An assistant to CBS News anchor Dan Rather tested positive for anthrax Thursday. The employee, a young woman, contracted the skin form of the disease and becomes the fifth person to test positive for anthrax infection, CBS released.
The woman noticed what looked like a bug bite on her chin and went for testing several days ago. She was given a prescription for Cipro once the anthrax diagnosis was confirmed.
She is expected to make a full recovery.
CBS News President Andrew Heyward sent a message to CBS employees this morning, emphasizing that the disease is not contagious.
"We learned this morning that a CBS News employee in Dan Rather's office has tested positive for the cutaneous form of anthrax. She is being treated with antibiotics and is expected to make a full recovery; in fact, she feels fine. As you know, anthrax is not contagious, and this is the most easily curable form of the disease."
Heyward said he spoke to Mayor Rudy Giuliani, the Police Commissioner, and the New York City Health Department.
"The Health Department and other investigators will be back in the Broadcast Center this morning to interview employees who work in the same vicinity and to determine what the next steps should be.
"We have been informed by New York City Health Commissioner that it is safe to continue working while this investigation gets underway.
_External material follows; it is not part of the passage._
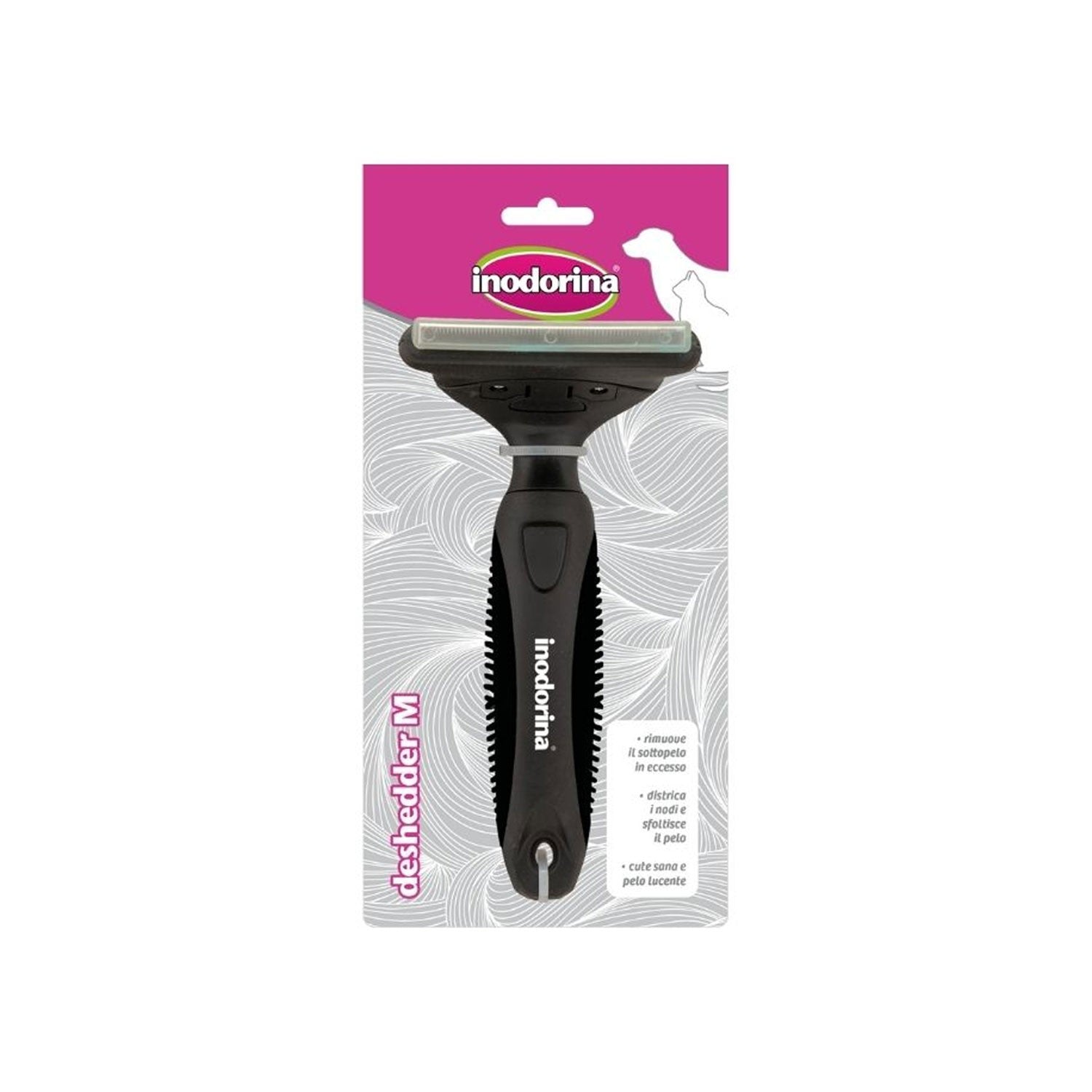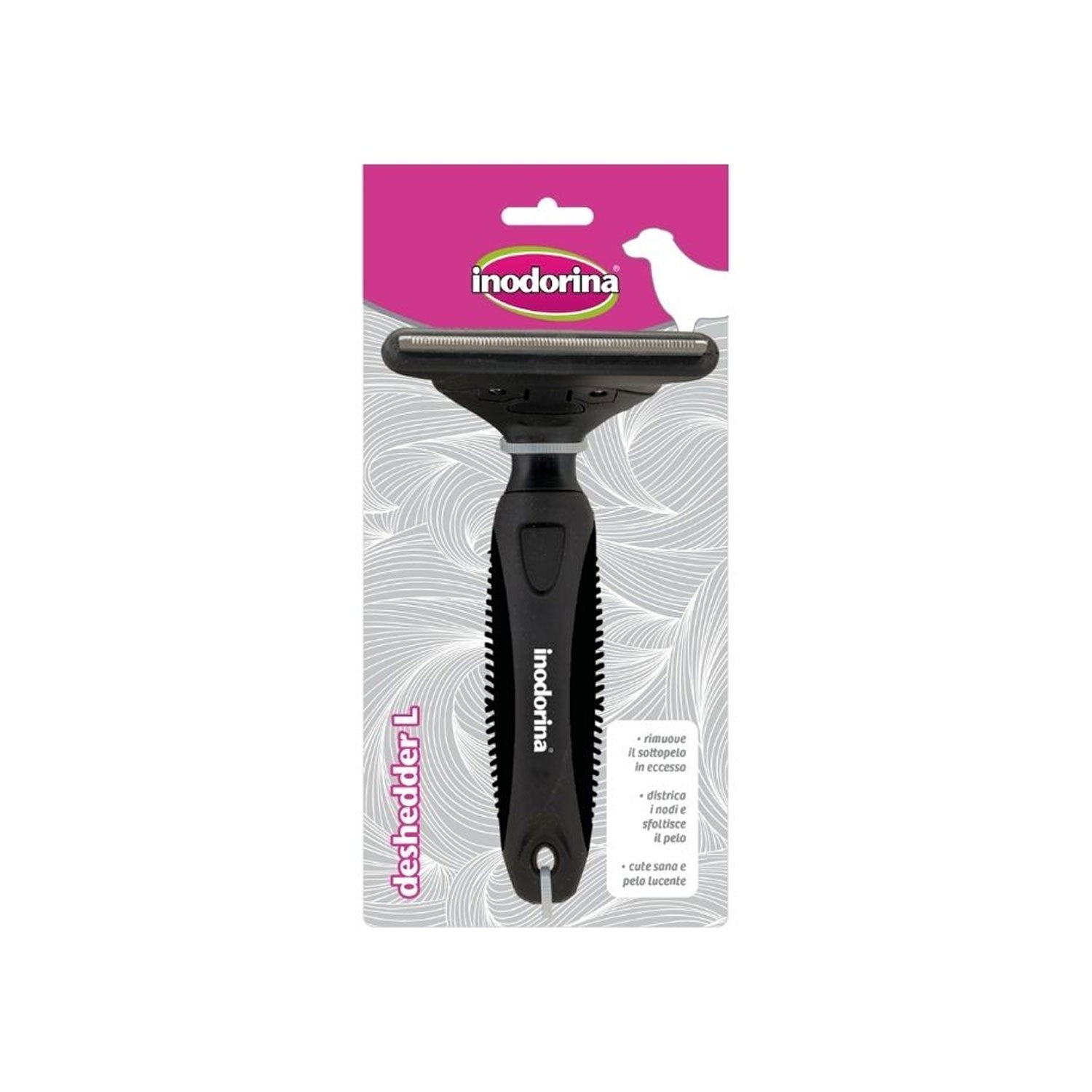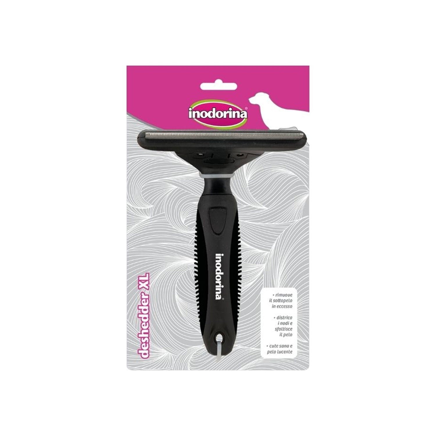 La spazzola per toelettatura Inodorina Deshedder è la scelta ideale per prendersi cura del pelo del tuo cane in modo efficace. Grazie alla sua tecnologia avanzata, questa spazzola aiuta a rimuovere, districare e sfoltire il pelo del tuo amico a quattro zampe, migliorando non solo l'aspetto ma anche la sua igiene. Il risultato? Un pelo più lucido, sano e meno problematico da gestire, con meno peli sparsi in casa.

Obviously we will take all necessary precautions to ensure your safety. I'll be back with more later this morning."
Earlier tests by the Center for Disease Control indicate no signs of anthrax spores in the building.
No infected letter has been found at CBS, and it is not clear how the woman contacted anthrax. This development, however, means that the parties responsible have targeted CBS, along with ABC and NBC.